Prévention et dépistage des cancers du col de l’utérus

En France, plus de 1000 femmes succombent chaque année des suites d’un cancer du col de l’utérus. Pourtant, des moyens existent pour lutter contre leur apparition et les dépister au plus tôt afin de les guérir.

Lien entre cancers de l’utérus et cancers du col de l’utérus

La plupart du temps, les cancers de l’utérus sont provoqués par des virus se transmettant par voie sexuelle : les virus de la famille des papillomavirus humains (HPV). Le corps parvient en général à éliminer ces virus mais parfois, les infections persistent et sont la cause de lésions au niveau du col de l’utérus. Certaines de ces lésions sont susceptibles d’évoluer vers un cancer.

Différents type de cancers du col de l’utérus

Par facilité, il est courant de dire « le cancer du col de l’utérus ». Or, il en existe plusieurs types, chacun ayant des caractéristiques particulières.

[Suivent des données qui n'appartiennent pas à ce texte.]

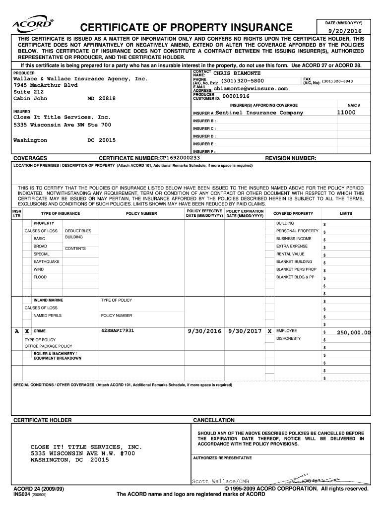 DATE (MM/DD/YYY)CERTIFICATE OF PROPERTY INSURANCE9/20/2016THIS CERTIFICATE IS ISSUED AS A MATTER OF INFORMATION ONLY AND CONFERS NO RIGHTS UPON THE CERTIFICATE HOLDER. THIS CERTIFICATE DOES NOT AFFIRMATIVELY

La plupart des cancers du col de l’utérus sont des carcinomes (cancers se développant au niveau de l’épithélium de la muqueuse tapissant le col). Ces carcinomes sont de deux types :

  • Les carcinomes épidermoïdes (85 %) : développement au niveau de la partie externe du col (exocol) ;
  • Les adénocarcinomes (15 %) : développement au niveau de la partie interne du col (endocol)

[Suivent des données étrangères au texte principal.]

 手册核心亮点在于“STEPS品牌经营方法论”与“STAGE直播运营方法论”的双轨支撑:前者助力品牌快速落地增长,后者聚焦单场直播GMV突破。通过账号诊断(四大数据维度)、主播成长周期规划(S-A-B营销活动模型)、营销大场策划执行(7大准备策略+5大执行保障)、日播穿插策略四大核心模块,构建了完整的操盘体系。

Un taux de survie à 5 ans en diminution

Le cancer du col de l’utérus est un des seuls cancers dont le pronostic se dégrade en France : le taux de survie à 5 ans est en diminution. Cela signifie que sur 5 ans, sur toutes les femmes atteintes d‘un cancer du col de l’utérus, le taux de décès est de plus en plus élevé.

Près de 3 000 femmes sont touchées par ce cancer chaque année, plus d’un tiers en meurt. La moitié des femmes touchées est âgée de moins de 51 ans, ce qui signifie que la maladie est à l’origine d’une mortalité précoce importante.

Il existe deux moyens complémentaires de limiter le risque que les lésions n’évoluent en cancer : la vaccination et le dépistage.

Afin de faire reculer les inégalités face aux cancers du col de l’utérus, réduire son incidence et sa mortalité, le dépistage organisé a été généralisé en 2019 à l’ensemble du territoire. Cette généralisation s’effectue dans le cadre du troisième plan cancer 2014-2019.

La vaccination pour les jeunes filles et jeunes femmes

La vaccination : Environ 8 femmes sur 10 sont exposées aux papillomavirus humains au cours de leur vie. Or, il existe une vaccination contre les types de HPV 16 et 18, qui sont à l’origine de 70% des cancers du col de l’utérus. Cette vaccination est recommandée pour toutes les jeunes filles de 11 à 14 ans, avec une possibilité de rattrapage entre 15 et 19 ans. Il est toutefois important de noter que la vaccination doit avoir lieu avant l’exposition à l’infection.

Bien qu’essentielle, cette vaccination n’est pas suffisante et ne dispense pas les femmes vaccinées d’effectuer des dépistages réguliers.

Le dépistage par frottis tout au long de la vie

Il est conseillé de se faire dépister tous les trois ans entre 25 et 65 ans, même en l’absence de rapports sexuels ou après la ménopause. Le frottis permettra de détecter des lésions précancéreuses et de les traiter avant qu’elles n’évoluent vers un cancer.

Les gynécologues ne sont pas les seuls à pouvoir réaliser des frottis, médecin traitant et sage-femme sont également habilités, et les lieux de dépistage sont multiples : milieu libéral ou hospitalier, centre de santé, de planification ou d’éducation familiale, voire certains laboratoires d’analyses biomédicale (sur prescription).